-- Problem to work on --
Leave the images out, and otherwise write out each entry exactly.

[Records drawn from a dataset]
- - -

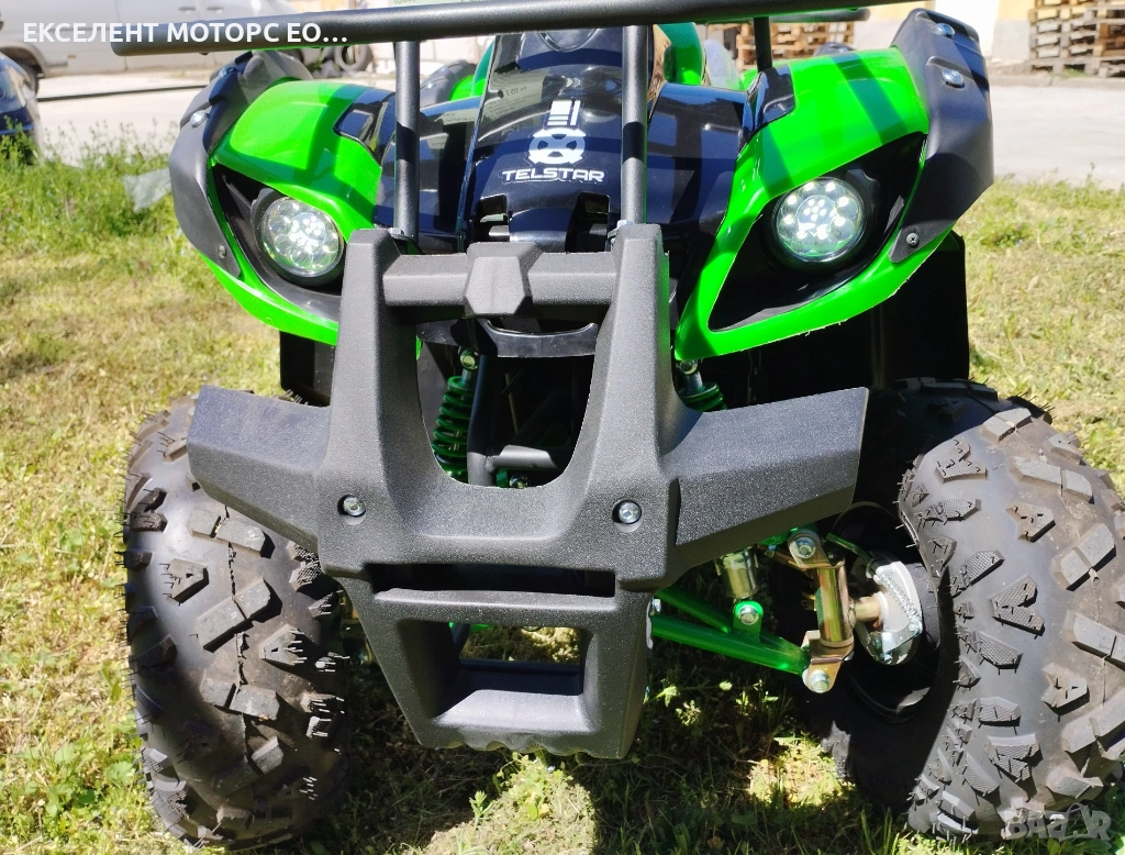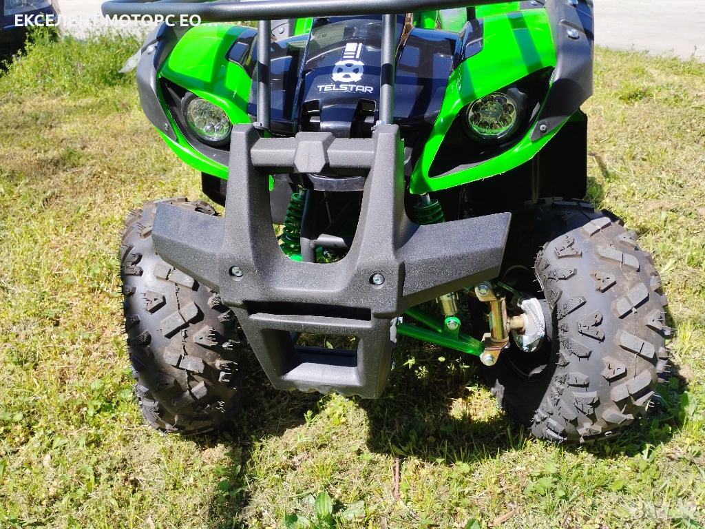 Прекрасно Електрическо ATV TS-1000 NEW GREEN 1500W 12Ah, подходящо за пресечен терен и всякакви условия. Висока мощност - максимална скорост - 35 км/ч, цифров километраж, бързи и бавни скорости + задна скорост. Предни барабанни и задни дискови спирачки. Гуми с висок грайфер. Предни мощни LED фарове със степени, LED габарити стоп. Силен клаксон. Време за зареждане на батерията: от 6 до 8 часа.
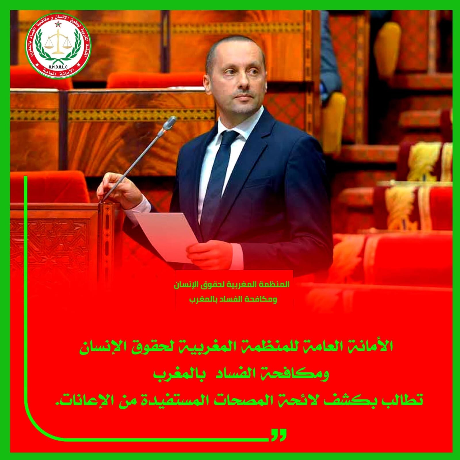 وانطلاقاً من مبادئها الراسخة في الدفاع عن حقوق المواطنين ومحاربة الفساد والزبونية واستغلال النفوذ، فإن المنظمة المغربية لحقوق الإنسان ومكافحة الفساد بالمغرب.
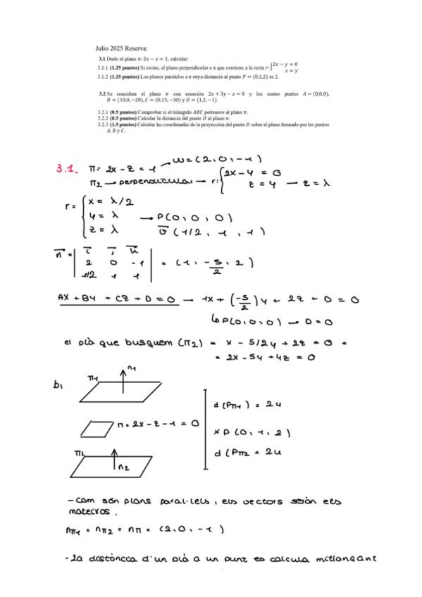 Ejercicio geometría EBAU Julio 2025 reserva
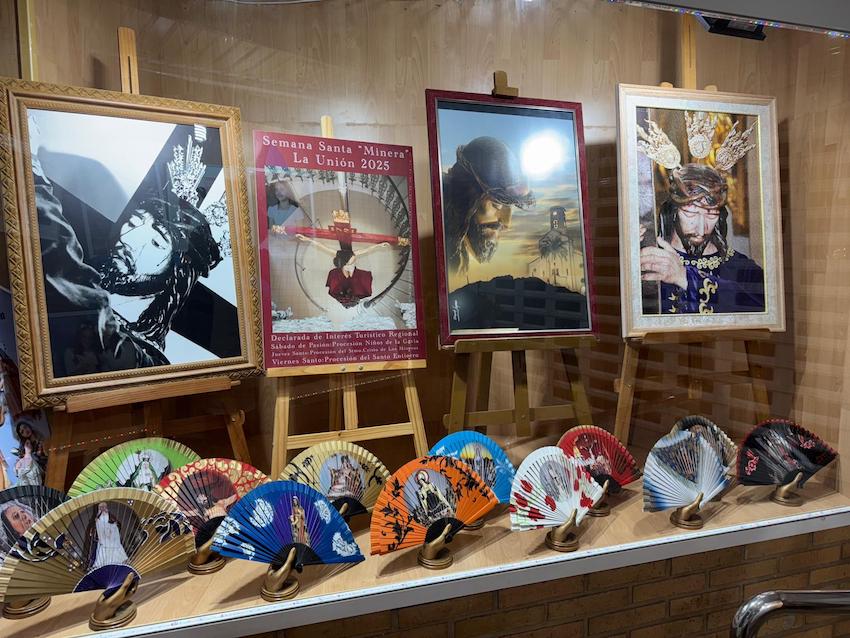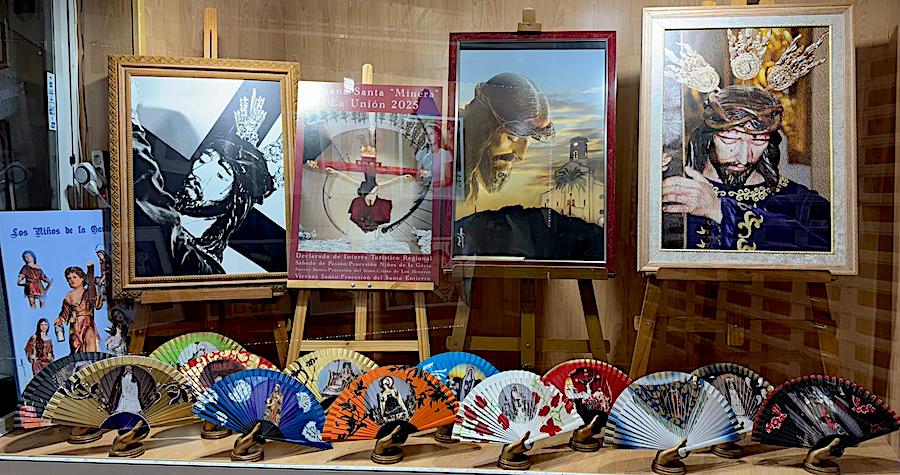 El escaparate muestra estos días fotos del Cristo de los Mineros y del Nazareno, además de abanicos con las tallas que salen en procesión en La Unión.
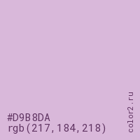 Цвет #D9B8DA в цветовой модели RGB обозначается тремя октетами (217, 184, 218) в десятичном формате и #D9B8DA в шестнадцатиричном (hex) формате, которые являются интенсивностью красного 217 (hex D9), интенсивность зелёного 184 (hex B8) и интенсивность синего 218 (hex DA).
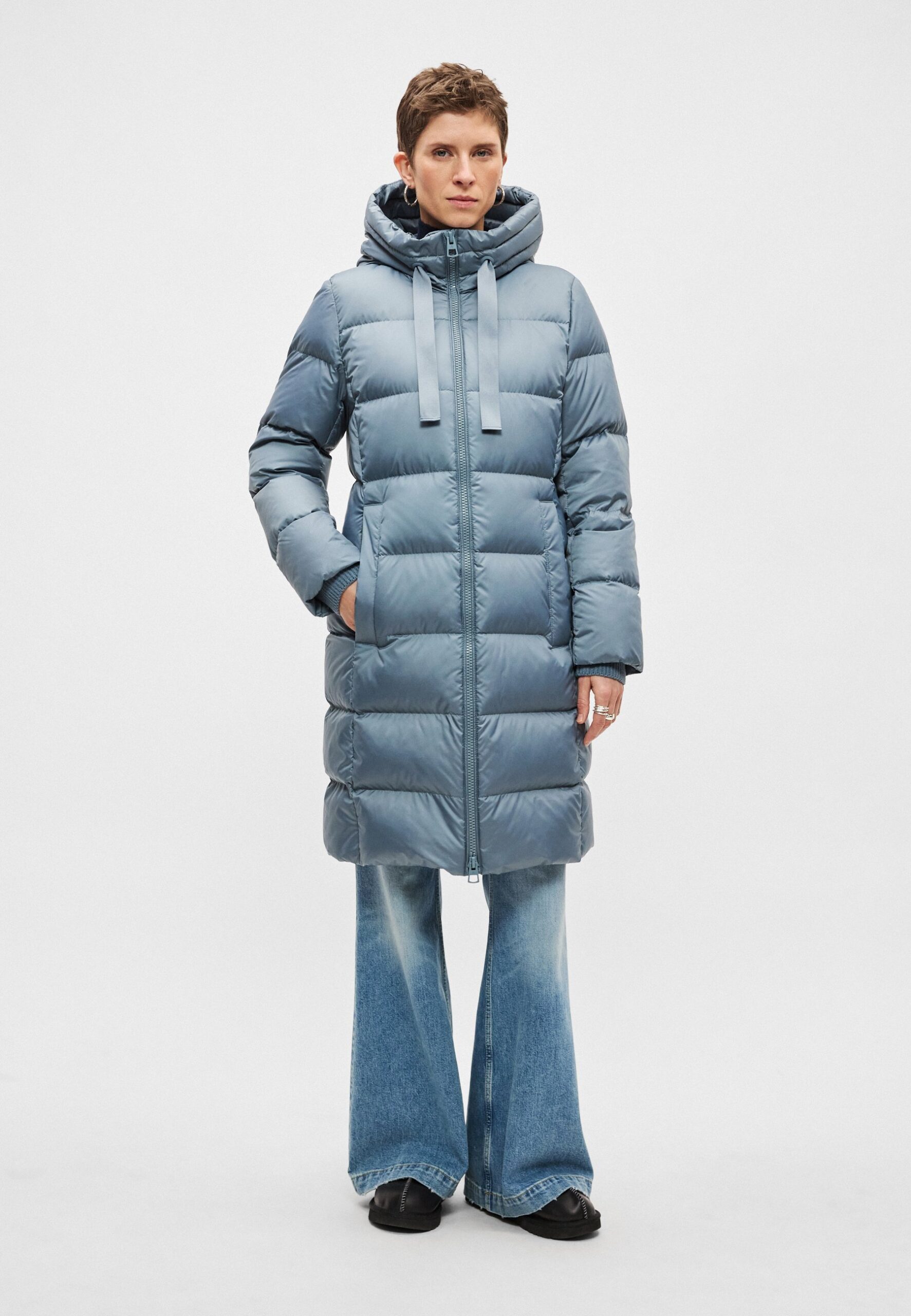 COAT WITH HOOD WELT POCKETS – Down coat – slate blue
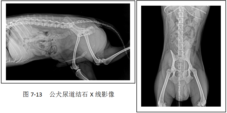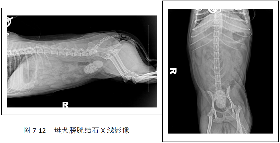 膀胱可分为膀胱顶、膀胱体和膀胱颈三部分。正常膀胱的体积、形状和位置处在不断变化之中,排尿后在X线片上不显影,充满尿液时则在耻骨前方、腹底壁上方、小肠后方、大肠下方看到卵圆形或长椭圆形(猫)均质软组织阴影。膀胱造影可以清楚地显示膀胱黏膜的形态结构。

- - -

-- Finished task --
 Прекрасно Електрическо ATV TS-1000 NEW GREEN 1500W 12Ah, подходящо за пресечен терен и всякакви условия. Висока мощност - максимална скорост - 35 км/ч, цифров километраж, бързи и бавни скорости + задна скорост. Предни барабанни и задни дискови спирачки. Гуми с висок грайфер. Предни мощни LED фарове със степени, LED габарити стоп. Силен клаксон. Време за зареждане на батерията: от 6 до 8 часа.
 وانطلاقاً من مبادئها الراسخة في الدفاع عن حقوق المواطنين ومحاربة الفساد والزبونية واستغلال النفوذ، فإن المنظمة المغربية لحقوق الإنسان ومكافحة الفساد بالمغرب.
 Ejercicio geometría EBAU Julio 2025 reserva
 El escaparate muestra estos días fotos del Cristo de los Mineros y del Nazareno, además de abanicos con las tallas que salen en procesión en La Unión.
 Цвет #D9B8DA в цветовой модели RGB обозначается тремя октетами (217, 184, 218) в десятичном формате и #D9B8DA в шестнадцатиричном (hex) формате, которые являются интенсивностью красного 217 (hex D9), интенсивность зелёного 184 (hex B8) и интенсивность синего 218 (hex DA).
 COAT WITH HOOD WELT POCKETS – Down coat – slate blue
 膀胱可分为膀胱顶、膀胱体和膀胱颈三部分。正常膀胱的体积、形状和位置处在不断变化之中,排尿后在X线片上不显影,充满尿液时则在耻骨前方、腹底壁上方、小肠后方、大肠下方看到卵圆形或长椭圆形(猫)均质软组织阴影。膀胱造影可以清楚地显示膀胱黏膜的形态结构。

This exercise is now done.